Parliamentary career
Newmark contested Newcastle Central in 1997, and Braintree in 2001. He was elected as the Member of Parliament for Braintree (in mid Essex) in the 2005 general election over the Labour incumbent, Alan Hurst, and was re-elected in 2010 with a greater majority.

He served as a Government Whip for Office of the Deputy Prime Minister, Department for International Development, Department for Business, and Innovation & Skills. In opposition, Newmark served as the Foreign Affairs Whip (2009–10) and Treasury Whip (2007—08). Newmark had previously served as a Member of the Treasury Select Committee (2006—07) and the Science & Technology Select Committee (2005—07). Newmark was re-elected onto the Treasury Select Committee in 2012 after 5 years in the Whips' Office. In mid July 2014, Newmark was appointed as the Minister for Civil Society, in the Cabinet Office. In response to a question, following his first public speech in that role, he said that charities should "stick to their knitting" and "keep out of the realm of politics". It was later argued that these quotations were taken out of context, and in fact suggested that politicians should support charities, but not interfere.
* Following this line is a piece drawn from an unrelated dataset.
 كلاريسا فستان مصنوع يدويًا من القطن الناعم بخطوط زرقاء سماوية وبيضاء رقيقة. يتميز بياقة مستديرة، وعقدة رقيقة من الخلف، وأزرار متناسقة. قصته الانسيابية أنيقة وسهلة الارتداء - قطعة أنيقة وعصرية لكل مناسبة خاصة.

During his time as an MP, Newmark co-founded and co-chaired Women2Win, an organisation established to encourage women into politics and public service. He also co-founded the Million Jobs Campaign to address the need for more to be done regarding youth unemployment.

Newmark resigned as Minister for Civil Society on 27 September 2014, a day before the Conservative Party Conference in Birmingham. David Cameron accepted Newmark's resignation following allegations, published by the Sunday Mirror, that he had been sexting with a ‘female party activist’ who was in fact a male undercover reporter who was posing as a female to deliberately target Newmark, having failed with various other male MPs, over social media.
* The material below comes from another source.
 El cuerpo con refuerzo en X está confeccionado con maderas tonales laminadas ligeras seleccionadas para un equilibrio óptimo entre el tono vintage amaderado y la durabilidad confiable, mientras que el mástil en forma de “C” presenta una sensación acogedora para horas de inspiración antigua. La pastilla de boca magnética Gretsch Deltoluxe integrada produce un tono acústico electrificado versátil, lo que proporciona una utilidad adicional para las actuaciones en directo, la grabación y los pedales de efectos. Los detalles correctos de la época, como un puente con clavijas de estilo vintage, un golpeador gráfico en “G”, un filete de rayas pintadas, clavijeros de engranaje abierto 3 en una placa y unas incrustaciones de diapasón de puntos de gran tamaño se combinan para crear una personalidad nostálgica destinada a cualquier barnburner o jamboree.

Fellow Conservative MP Mark Pritchard announced that he would make a formal complaint against the newspaper saying that "questionable techniques" had been involved in the paper's report. An IPSO investigation later cleared the Sunday Mirror of any wrongdoing in an announcement that came three weeks after the regulator was formed. Following a new "text-and-tell story" in October 2014 involving a young mother, Newmark announced he would not seek re-election to Parliament in the forthcoming general election.

Life after Parliament
Newmark is currently a research associate at the University of Oxford in the Department of Politics and International Relations. He is also guest lecturing at the Said Business School on private equity, and travels to universities outside the UK to lecture in either politics or finance. He is the author of various articles on the war in Syria, Brexit, US politics and homelessness.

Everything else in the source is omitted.